Can someone please help me with the basic properties of the little group of the 1st kind?
Let $K$ be an invariant subgroup of a group $G$:
$$K \lhd G\;.$$
If $\Delta (K)$ is an irreducible representation of $K$, then $$\Delta_g(K) \equiv \Delta (g^{-1} K g)$$ is an irreducible representation also.
All representations $$ \{\;\Delta_g(K)\;|\;g\in G \;\} $$ make an orbit. The orbit can be parameterised by any representation belonging to it.
The entire set of irreducible representations of $K$ can be presented as a set of non-intersecting orbits.
${\underline{\mbox{Definition.}}}~~$
For an arbitrary irreducible representation $\Delta$, the little group of the 1st kind is defined as $$ H = \left\{\;h\in G\;|\;\Delta(K) \sim \Delta_h (K) \right\}\;. $$
${\underline{\mbox{Lemma 1.}}}~~$
Representations belonging to the same orbit have their little groups interrelated as $H' = g H g^{-1}$ and therefore isomorphic to one another.
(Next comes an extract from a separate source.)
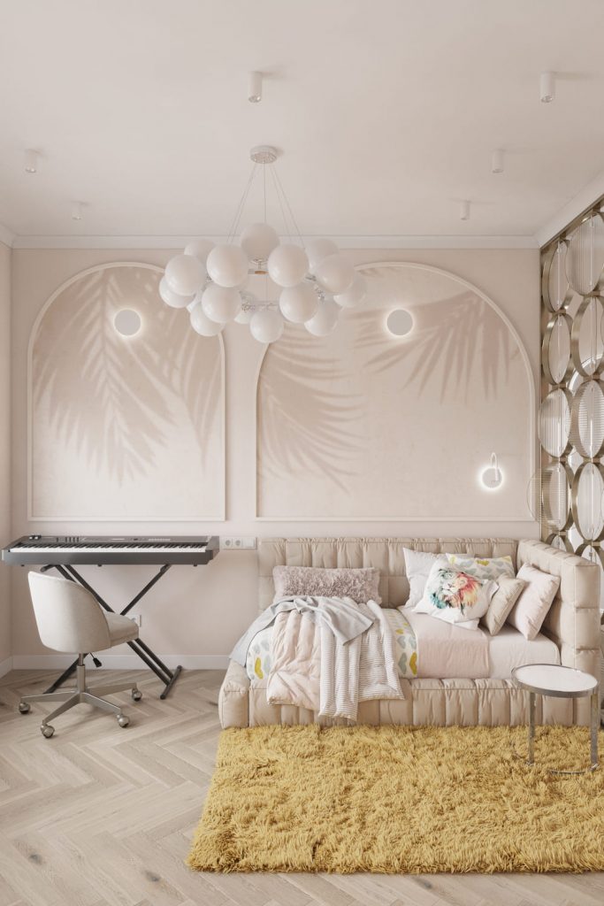 В комнате легко читается ритм и лёгкость — от геометрии светильников до игры теней от рельефных панно на стенах. Всё работает на то, чтобы ребёнку было интересно, удобно и красиво. А если вдруг захочется поиграть или поиграть на синтезаторе — место уже есть.

${\underline{\mbox{Proof:}}}~~$
If we define $H'$ as $$ H' = \left\{\;h'\in G\;|\;\Delta_g(K) \sim \left(\Delta_g\right)_{h'}(K) \;\right\}\;,$$ this definition implies, for an arbitrary $k_1\in K$: $$ \Delta(g^{-1} k_1 g) \sim \Delta (g^{-1} h'^{-1} k_1 h' g) = \Delta \left(\;(g^{-1} h'^{-1} g) \; (g^{-1}k_1g)\;(g^{-1} h' g)\;\right)\;. $$ Recalling that $K \lhd G$, we see that $k = g^{-1} k_1 g \in K$, so we may write the above equation as $$ \Delta(k) \sim \Delta \left(\;(g^{-1} h'^{-1} g)\;k\;(g^{-1 }h g)\;\right)\;. $$ Comparing this with the definition of $H$, we see that $(g^{-1} h' g)\in H$, whence $H' = g H g^{-1}$.
QED
${\underline{\mbox{Lemma 2.}}} \qquad K< H$
${\underline{\mbox{Proof.}}} ~~$
For an arbitrary fixed $k\in K$ and for all $k'\in K$, we have: $$ \Delta_{k'}(k) = \Delta( k'^{-1}\,k\,k') = \Delta^{-1}(k') \Delta(k) \Delta(k')\quad \Longrightarrow\quad \Delta_{k'}(k) \sim \Delta(k) $$ QED
Now a question: is the subgroup $K$ invariant $\,\underline{\mbox{in}\;H}\,$?
Can we claim that $K\lhd H\,$?
Many thanks!